Assignment. Write out each record exactly and skip every image.

_ _ _ _ _

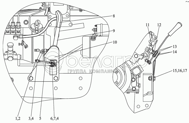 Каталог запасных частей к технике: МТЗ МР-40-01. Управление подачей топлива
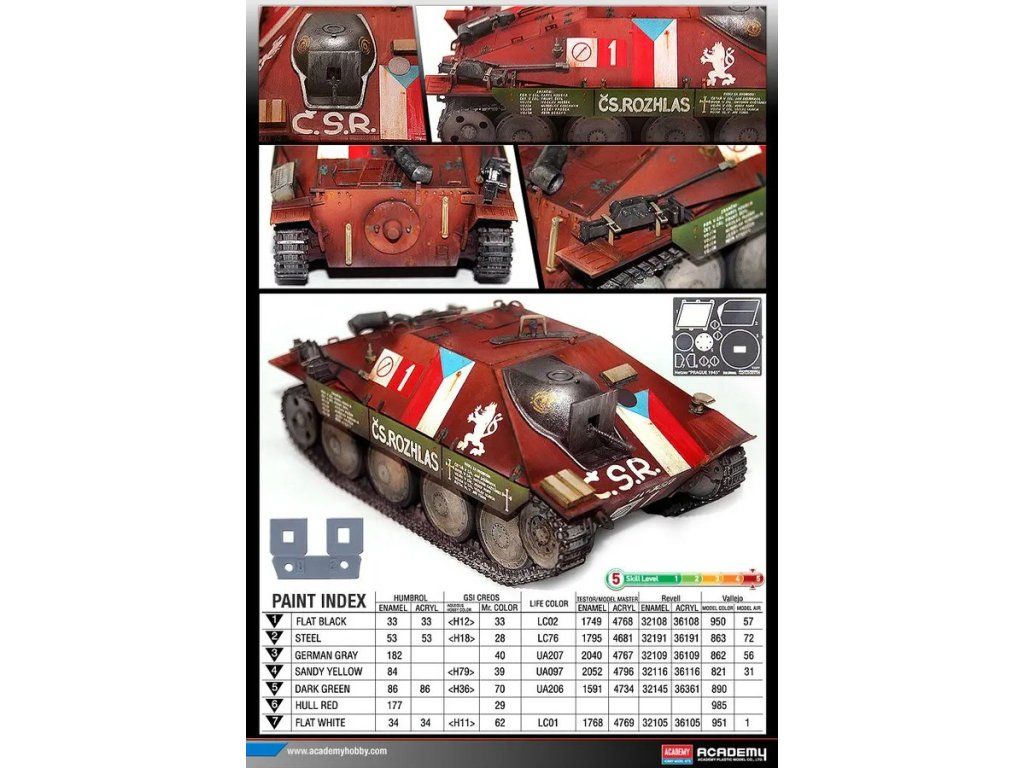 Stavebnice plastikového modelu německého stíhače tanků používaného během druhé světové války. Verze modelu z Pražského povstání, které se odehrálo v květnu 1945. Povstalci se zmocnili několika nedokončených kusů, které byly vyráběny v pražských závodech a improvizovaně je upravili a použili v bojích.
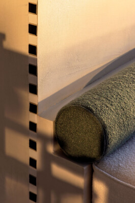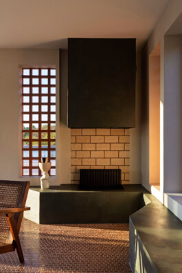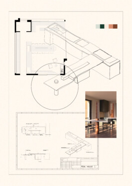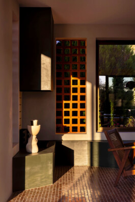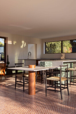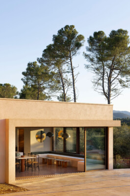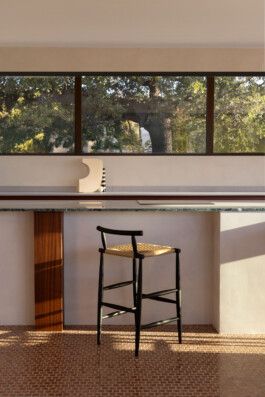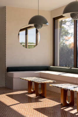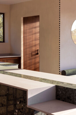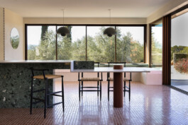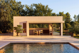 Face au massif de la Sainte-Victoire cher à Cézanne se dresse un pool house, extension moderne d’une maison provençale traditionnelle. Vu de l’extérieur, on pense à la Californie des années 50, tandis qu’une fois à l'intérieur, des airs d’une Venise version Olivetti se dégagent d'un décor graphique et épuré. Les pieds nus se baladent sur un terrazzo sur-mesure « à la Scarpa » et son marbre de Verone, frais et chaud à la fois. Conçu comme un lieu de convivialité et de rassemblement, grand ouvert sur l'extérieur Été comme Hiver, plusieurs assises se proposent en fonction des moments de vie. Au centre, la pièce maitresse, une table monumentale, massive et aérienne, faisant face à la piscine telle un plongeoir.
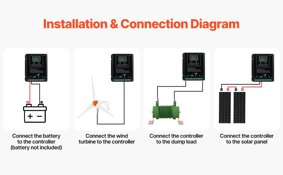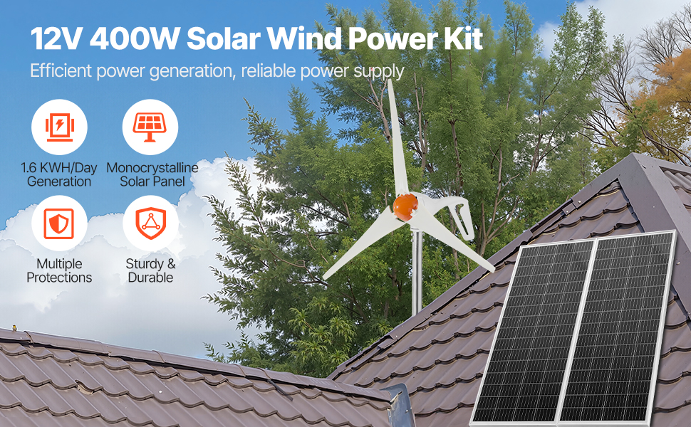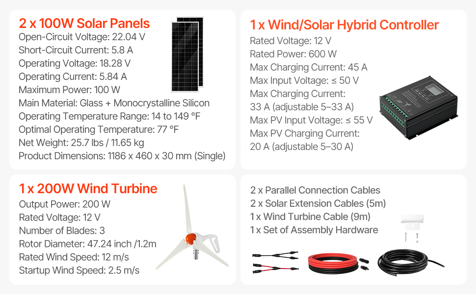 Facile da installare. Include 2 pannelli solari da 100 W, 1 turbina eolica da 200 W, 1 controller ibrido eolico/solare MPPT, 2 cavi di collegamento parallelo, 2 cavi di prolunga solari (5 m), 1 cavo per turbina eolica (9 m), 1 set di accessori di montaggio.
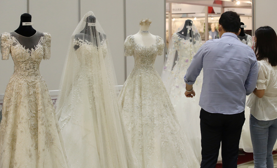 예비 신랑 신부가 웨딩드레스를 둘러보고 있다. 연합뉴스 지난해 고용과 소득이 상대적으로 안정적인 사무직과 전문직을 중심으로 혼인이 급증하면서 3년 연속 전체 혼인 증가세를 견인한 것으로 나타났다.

_ _ _ _ _

Solution below.
 Каталог запасных частей к технике: МТЗ МР-40-01. Управление подачей топлива
 Stavebnice plastikového modelu německého stíhače tanků používaného během druhé světové války. Verze modelu z Pražského povstání, které se odehrálo v květnu 1945. Povstalci se zmocnili několika nedokončených kusů, které byly vyráběny v pražských závodech a improvizovaně je upravili a použili v bojích.
 Face au massif de la Sainte-Victoire cher à Cézanne se dresse un pool house, extension moderne d’une maison provençale traditionnelle. Vu de l’extérieur, on pense à la Californie des années 50, tandis qu’une fois à l'intérieur, des airs d’une Venise version Olivetti se dégagent d'un décor graphique et épuré. Les pieds nus se baladent sur un terrazzo sur-mesure « à la Scarpa » et son marbre de Verone, frais et chaud à la fois. Conçu comme un lieu de convivialité et de rassemblement, grand ouvert sur l'extérieur Été comme Hiver, plusieurs assises se proposent en fonction des moments de vie. Au centre, la pièce maitresse, une table monumentale, massive et aérienne, faisant face à la piscine telle un plongeoir.
 Facile da installare. Include 2 pannelli solari da 100 W, 1 turbina eolica da 200 W, 1 controller ibrido eolico/solare MPPT, 2 cavi di collegamento parallelo, 2 cavi di prolunga solari (5 m), 1 cavo per turbina eolica (9 m), 1 set di accessori di montaggio.
 예비 신랑 신부가 웨딩드레스를 둘러보고 있다. 연합뉴스 지난해 고용과 소득이 상대적으로 안정적인 사무직과 전문직을 중심으로 혼인이 급증하면서 3년 연속 전체 혼인 증가세를 견인한 것으로 나타났다.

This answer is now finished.